Author Mark Dery charts America's ecocidal obsession with nice grass

This is the house at Terror Street and Agony Way. From the outside, it looks innocuous enough, a stucco-clad box in the Spanish Colonial Revival style ubiquitous in '20s L.A.

Don't be fooled: it was "the house of horrors, the house of agony, the house where I was almost done in," the poet Charles Bukowski says, in the documentary Born Into This—almost done in by his (almost) comically sadistic father, a German-American of grim mien who beat his son with a razor strop weekly, if not daily, and condemned the young Hank, as his schoolmates dubbed him, to social purgatory by dressing him in lederhosen and giving him the short-back-and-sides haircut favored by the Prussian military class.



Photo: 2122 Longwood Avenue, Bukowski's childhood home, by Jacob Härnqvist

Standing in front of his childhood home, Bukowski tells the camera the "horror story" of his Depression-era childhood. A blocky, big-bellied man with a face like a topographical map of the moon, pocked and seamed by the ravages of acne and dominated by the bulbous nose of an aging barfly, he points toward the rectangle of lawn in front of the house.

This is the lawn that I manicured. I had to mow it both ways, this way first, then this way; then I had it get all the hairs with the shears.
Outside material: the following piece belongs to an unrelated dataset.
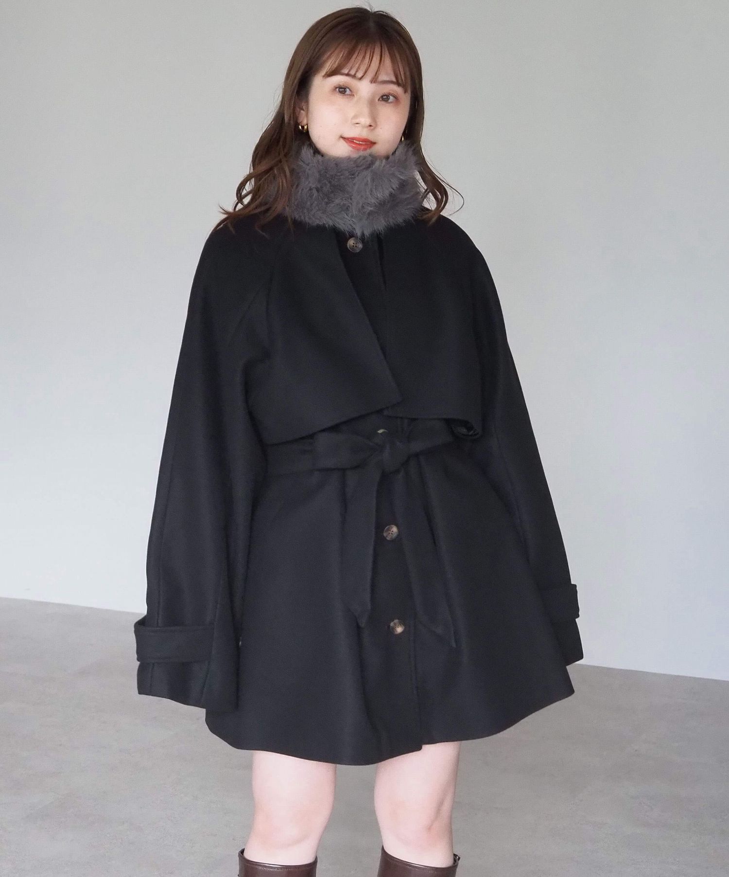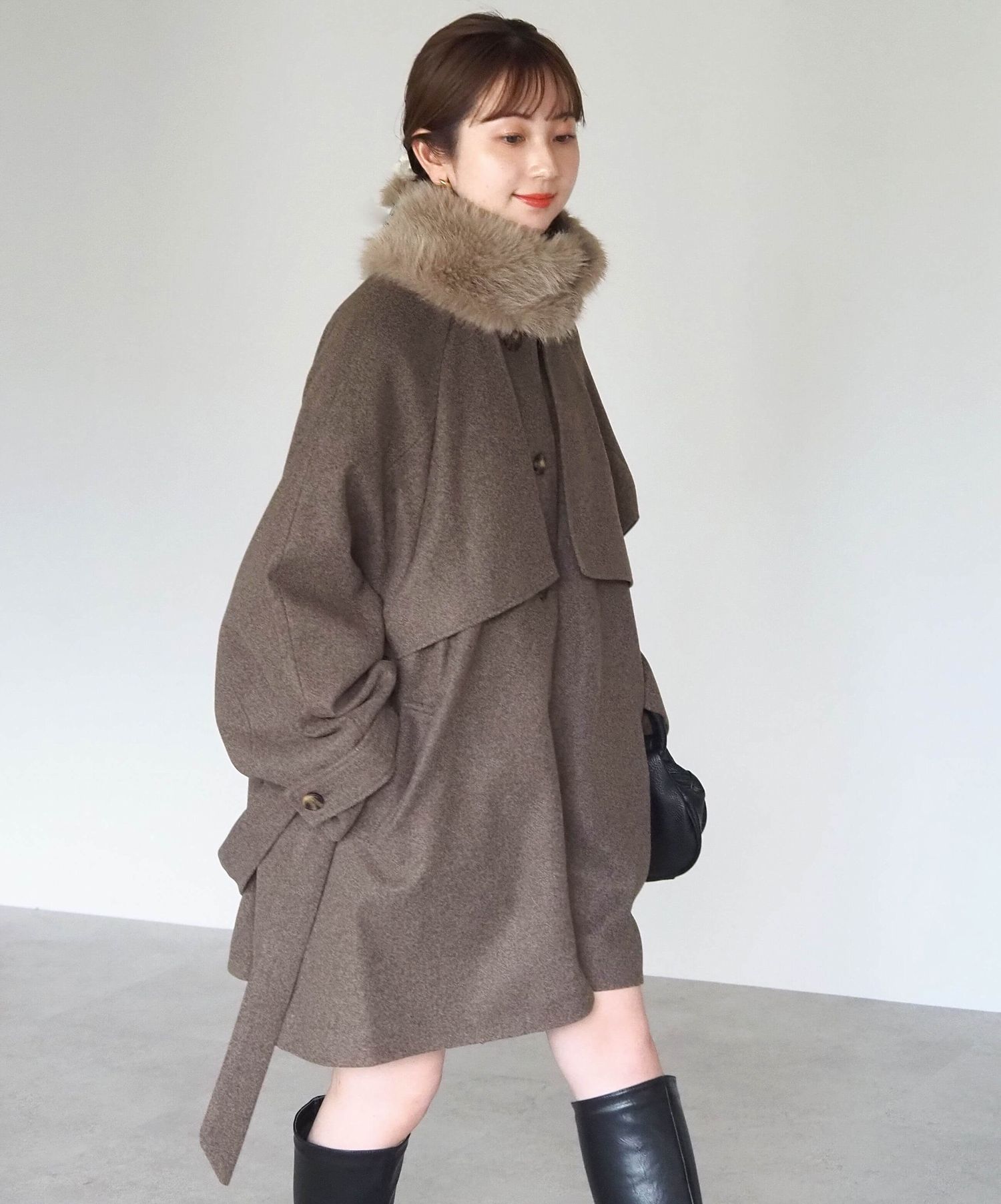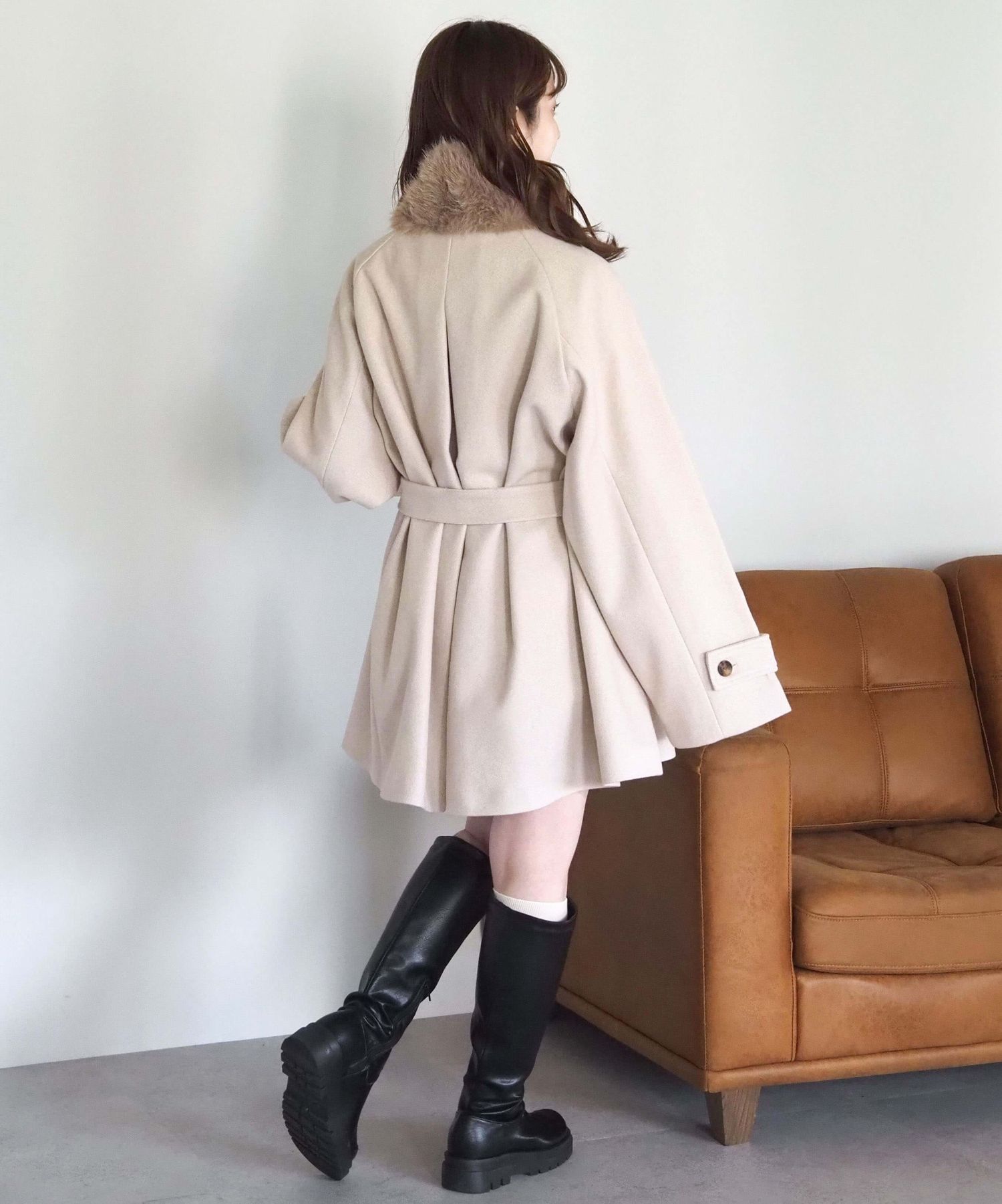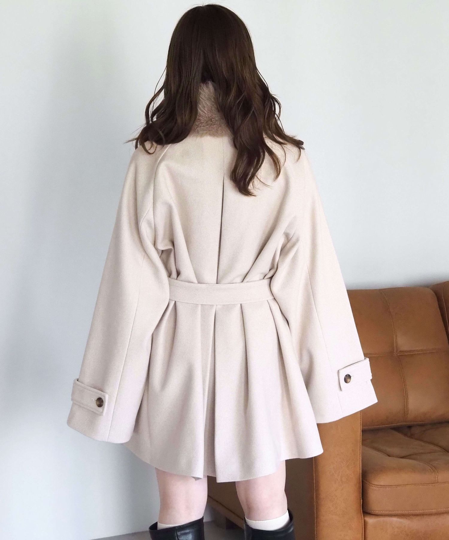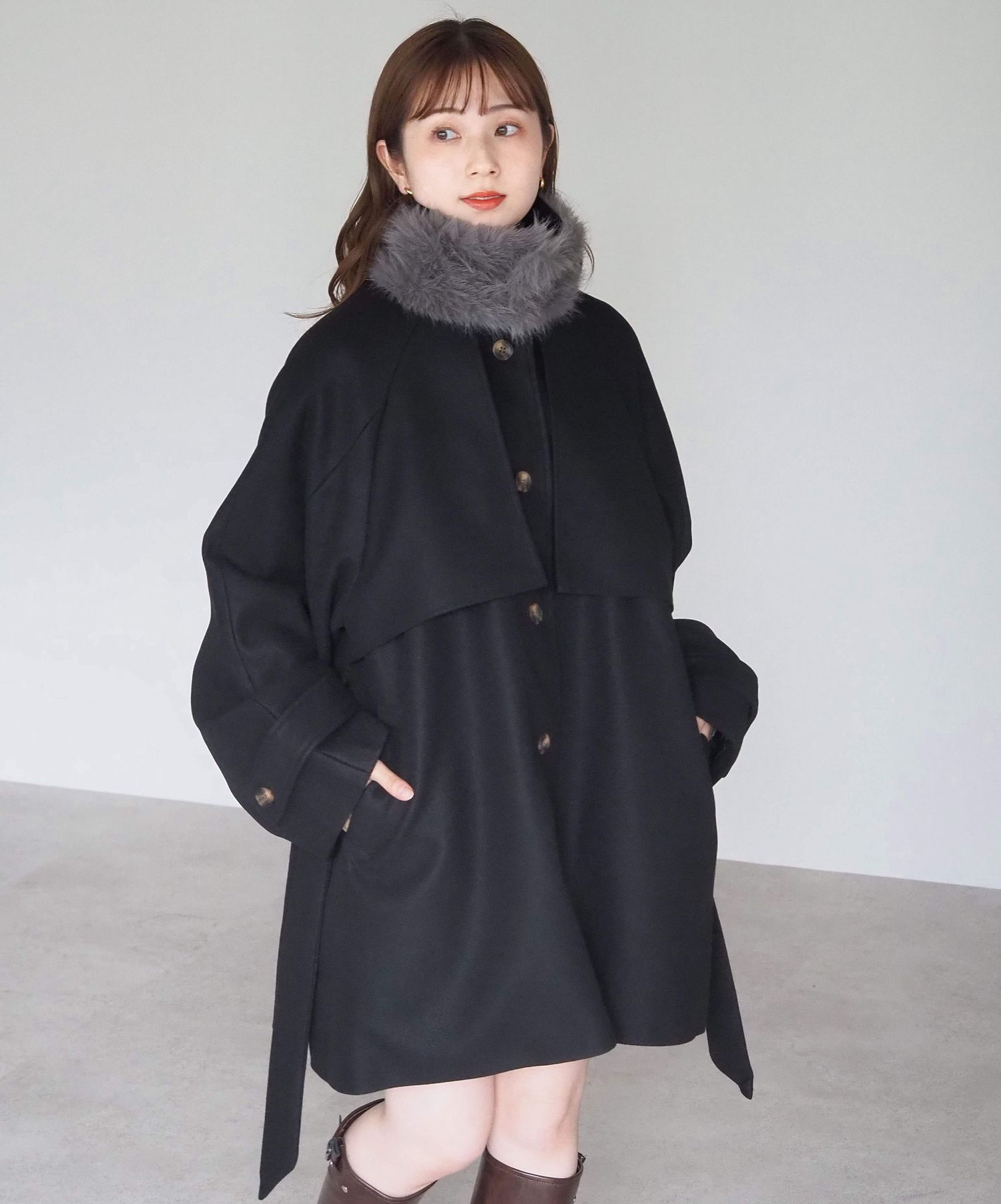 ・人気の「ミドル丈トレンチコート(品番:1360008076)」をベースに、ふわふわのファーティペットでさらに華やかで暖かくなりました♪

If I missed one hair, I got a beating. One hair. It's very hard not to miss one hair, you know. Try it sometime. So I always got a beating.

In his barely fictionalized autobiography, the novel Ham on Rye, Bukowski milks the moment for its nightmare hilarity. On his hands and knees, Bukowski père examines the lawn his son has just mown.

"AH HAH!"
He leaped up and ran toward the house.

"MAMA! MAMA!" He ran into the house. "What is it?"
"I found a hair!"

"You did?"

"Come, I'll show you!"
He came out of the house quickly with my mother following. "Here! Here! I'll show you!"
He got down on his hands and knees. "I can see it! I can see two of them!"
My mother got down with him. I wondered if they were crazy. "See them?" He asked her. "Two hairs. See them?"
"Yes, Daddy, I see them…"
They both got up. My mother walked into the house. My father looked at me. "Inside…"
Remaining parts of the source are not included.